WHAT NOW?

| October 3, 2017 | 0 Comments

Knock-Knock, Spit-Spit

“Knock-knock, spit-spit?” Okay, I just dated myself, yet again. But that’s what we did – or said – in the face of wishing for good luck, or averting bad luck. Not both, not together, you understand.

Anyway. I found four pennies in one day – all tails up.

Bad luck! You realize that, don’t you? I wondered, asked I of the Gods, whether that many pennies, that much bad luck, could really have been intended just for me.

Maybe such a trove was meant to be spread around. Like to Eric Prebys, say, son of Conrad, the renowned philanthropist whom we had admired for his many generous gifts. None, however, to Eric, who was left giftless upon his father’s death and claims that he has “absolutely no idea” why. Ouch. That’s some wrong-side-up penny, especially in the face of a $1 billion estate.

One might have been meant for Jeff Sessions, our beleaguered attorney general, who has had the bad luck – to say nothing of bad judgment – to serve President Trump. And, who has declined to resign even in the face of the boss’ rampage of humiliating tweets. Well, Mr. Sessions has – or had – been on some fund-raising ventures, so maybe he needs the money, though tails-up can’t possibly improve his career.

Now that Sean Spicer is happily (?!) on the speaking circuit, he might be thinking his penny has finally landed heads-up, but …things are just not that simple anymore. So … his former boss’ inaugural audience took a back seat (so to speak) to the Emmys? Or … it didn’t? Can’t anyone take a joke anymore? Ah, Sean’s penny has been ensured: despite being applauded by Trump, who was, finally, a sport of sorts, too much of the world, Twitter, etc., still wrist-slapped him for his “poor taste” and other more serious, supposed sins. “Oh, lighten up,” he responded. Although surely counter-intuitive, that light-of-heartiness might earn him the next bad-luck penny.

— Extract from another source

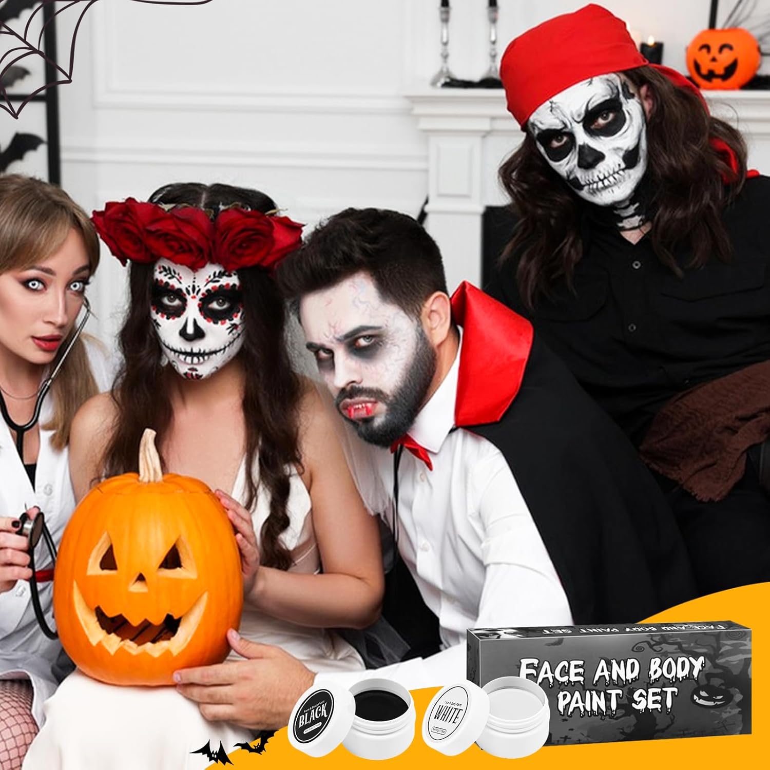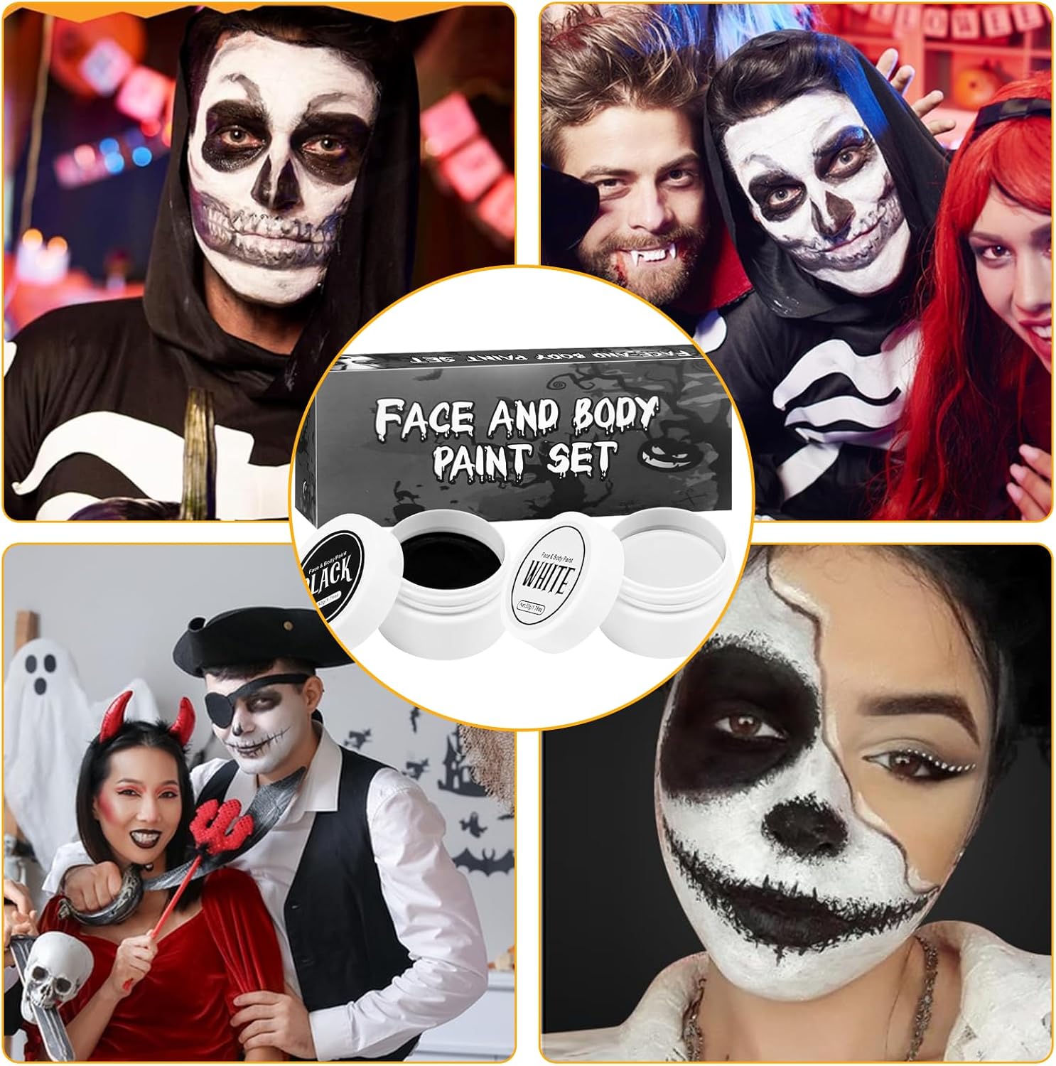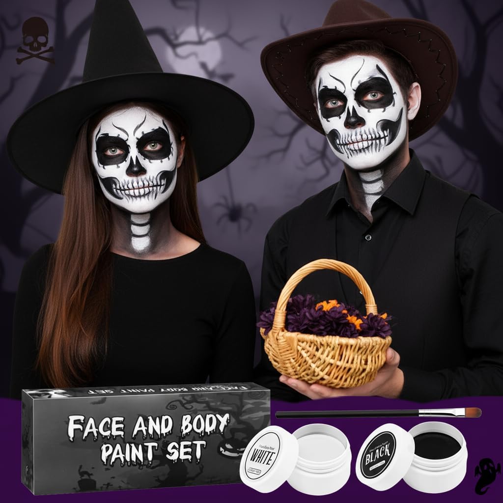 【Alta Coprenza】Trucco di Halloween in bianco e nero può soddisfare le tue esigenze quotidiane e ti permette di creare un look spettrale e drammatico. Trucchi halloween bianco nero ideale per trucco e body painting per far risaltare il tuo look di Halloween dalla massa. 【Ingredienti Delicati】Trucco di Halloween per adulti è adatto a tutti i tipi di pelle. Trucchi bianco e nero per viso halloween realizzato con materie prime cosmetiche di alta qualità e sicure, puoi usarlo senza preoccupazioni. 【A lunga Durata & Anti-sbavature】la texture del set di trucco di Halloween è super morbida e delicata, con un'alta coprenza senza seccare o sfaldarsi. Trucco per il viso di halloween rimane in posizione per tutta la durata dell'evento, garantendo un trucco impeccabile per tutta la notte. 【Facile da Rimuovere】Trucco bianco per viso halloween basta detergere delicatamente la pelle con uno struccante o con olio d'oliva. Questo set di trucchi per Halloween ti coprirà dall'inizio alla fine, assicurandoti un'esperienza di trucco per Halloween sicura e senza pensieri. 【Ampia Gamma Usi】Trucco Halloween è adatto a varie occasioni come feste a tema, trucco di Carnevale, eventi di Halloween, spettacoli teatrali, ecc. ed è perfetto per impersonare scheletri, clown e fantasmi.

I’ll concede that all the pennies could really have been left for me, although you probably know I’m a nearly perfect person. That doesn’t mean, of course, that bad luck won’t honor my perfection, and might lie in wait for me, anyway. So I’ve mused over the possibility that my recent broken and sprained ankle, quickly followed by my smashed, two-surgery wrist, met in competition with the Mr.’s own medical crises, which relegated mine to mere scratches… well, let’s not underestimate that heads-down penny.

Good luck, y’all. And don’t go callin’ me “superstitious!”